WORK TO COMPLETE → An exact restatement is required. Cover only the lines of the records from the first through the line with "背光燈 2 CCFL (最低保證壽命 >25000 小時)", and skip pictures.

++++ GIVEN RECORDS ++++

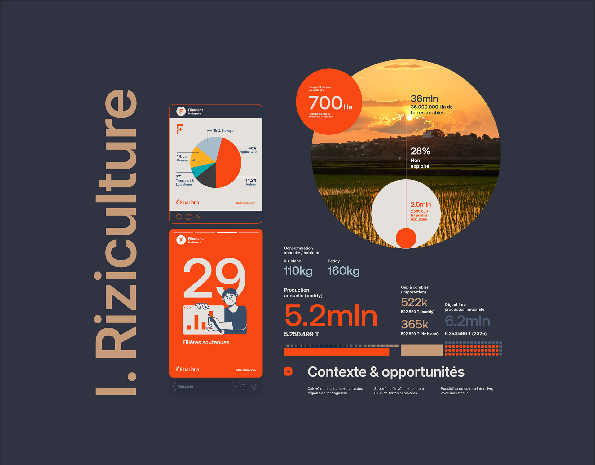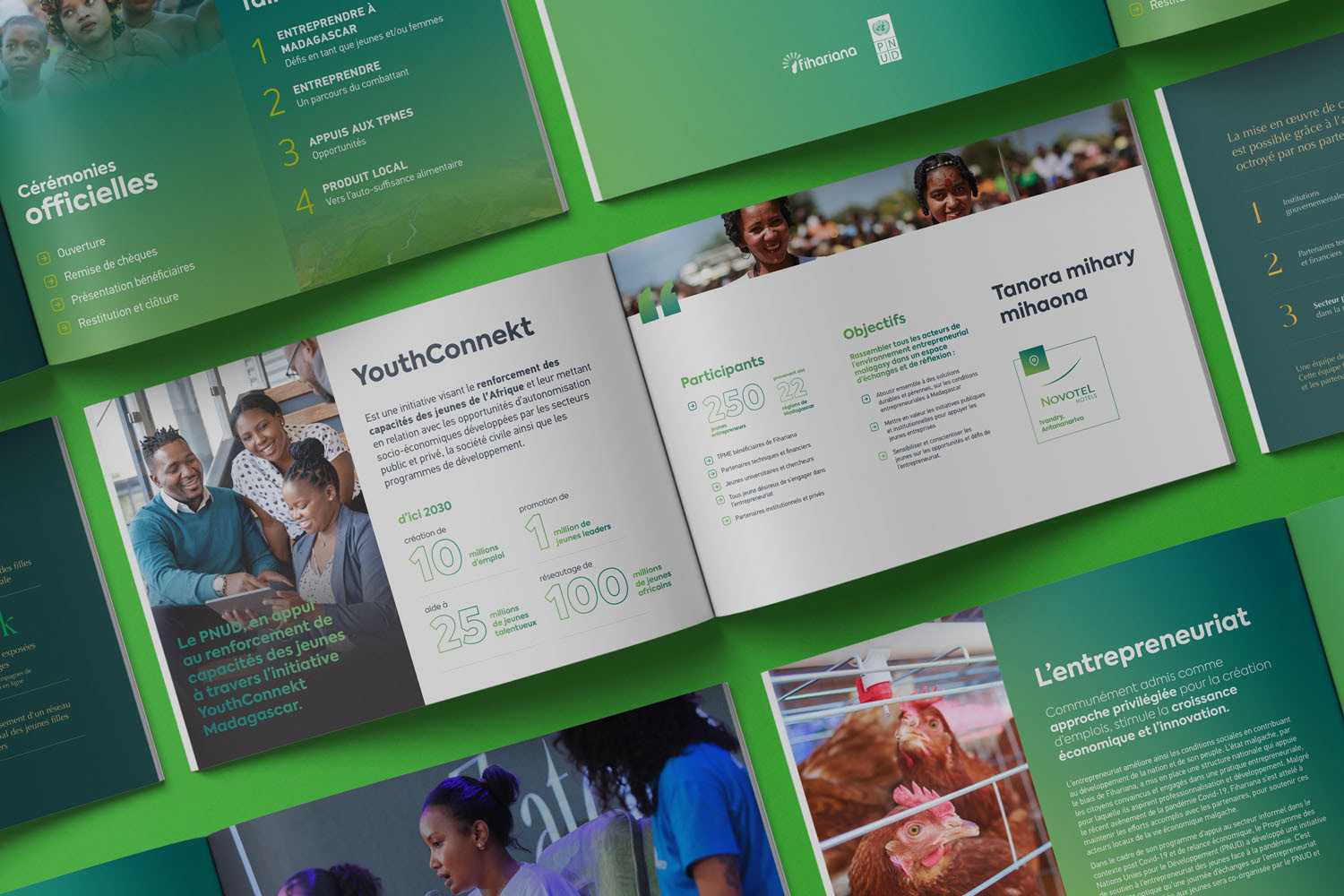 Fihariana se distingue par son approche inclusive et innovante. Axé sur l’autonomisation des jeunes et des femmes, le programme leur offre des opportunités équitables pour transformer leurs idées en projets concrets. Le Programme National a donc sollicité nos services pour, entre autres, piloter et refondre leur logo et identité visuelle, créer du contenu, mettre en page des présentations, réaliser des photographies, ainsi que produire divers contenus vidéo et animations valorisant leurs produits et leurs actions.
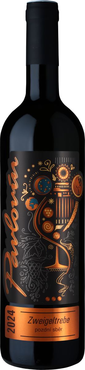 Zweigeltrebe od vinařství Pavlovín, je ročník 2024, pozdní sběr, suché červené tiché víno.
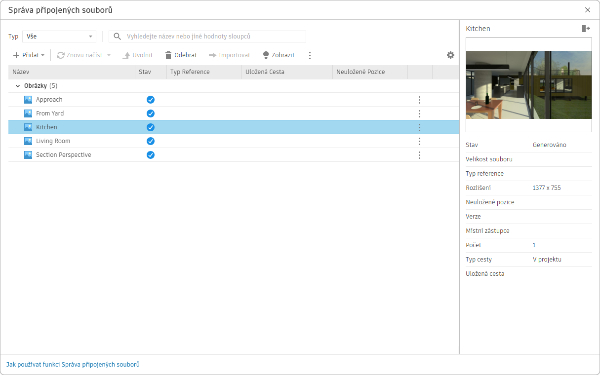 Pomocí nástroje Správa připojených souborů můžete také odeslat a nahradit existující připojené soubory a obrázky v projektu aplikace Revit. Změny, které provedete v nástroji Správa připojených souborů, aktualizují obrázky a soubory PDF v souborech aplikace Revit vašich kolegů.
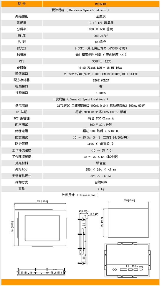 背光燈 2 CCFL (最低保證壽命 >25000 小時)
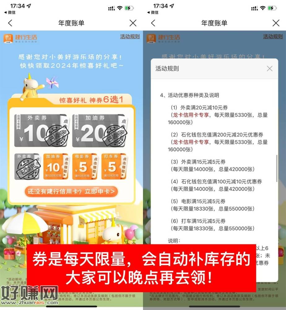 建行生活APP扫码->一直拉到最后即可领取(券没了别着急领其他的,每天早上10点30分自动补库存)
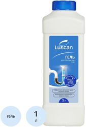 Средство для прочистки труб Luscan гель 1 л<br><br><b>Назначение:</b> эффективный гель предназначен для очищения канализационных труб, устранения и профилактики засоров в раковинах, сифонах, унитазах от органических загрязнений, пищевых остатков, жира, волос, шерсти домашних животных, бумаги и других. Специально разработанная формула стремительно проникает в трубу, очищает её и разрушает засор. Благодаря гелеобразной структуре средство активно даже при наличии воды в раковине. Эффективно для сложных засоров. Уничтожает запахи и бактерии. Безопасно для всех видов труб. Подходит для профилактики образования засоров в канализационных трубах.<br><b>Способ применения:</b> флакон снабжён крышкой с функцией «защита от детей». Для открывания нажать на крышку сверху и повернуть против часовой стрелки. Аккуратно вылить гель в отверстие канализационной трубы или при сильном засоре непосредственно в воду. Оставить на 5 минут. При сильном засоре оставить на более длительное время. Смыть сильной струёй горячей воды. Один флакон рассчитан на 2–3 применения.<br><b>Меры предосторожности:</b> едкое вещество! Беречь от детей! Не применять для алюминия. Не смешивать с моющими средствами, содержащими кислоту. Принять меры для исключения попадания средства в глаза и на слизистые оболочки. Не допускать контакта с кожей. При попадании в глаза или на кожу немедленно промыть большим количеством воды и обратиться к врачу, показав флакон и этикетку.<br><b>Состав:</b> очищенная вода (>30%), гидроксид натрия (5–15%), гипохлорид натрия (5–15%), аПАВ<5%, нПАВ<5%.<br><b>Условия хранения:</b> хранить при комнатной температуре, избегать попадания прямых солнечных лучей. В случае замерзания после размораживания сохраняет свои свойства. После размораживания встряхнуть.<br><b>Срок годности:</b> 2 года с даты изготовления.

++++

COMPLETED EXERCISE →
 Fihariana se distingue par son approche inclusive et innovante. Axé sur l’autonomisation des jeunes et des femmes, le programme leur offre des opportunités équitables pour transformer leurs idées en projets concrets. Le Programme National a donc sollicité nos services pour, entre autres, piloter et refondre leur logo et identité visuelle, créer du contenu, mettre en page des présentations, réaliser des photographies, ainsi que produire divers contenus vidéo et animations valorisant leurs produits et leurs actions.
 Zweigeltrebe od vinařství Pavlovín, je ročník 2024, pozdní sběr, suché červené tiché víno.
 Pomocí nástroje Správa připojených souborů můžete také odeslat a nahradit existující připojené soubory a obrázky v projektu aplikace Revit. Změny, které provedete v nástroji Správa připojených souborů, aktualizují obrázky a soubory PDF v souborech aplikace Revit vašich kolegů.
 背光燈 2 CCFL (最低保證壽命 >25000 小時)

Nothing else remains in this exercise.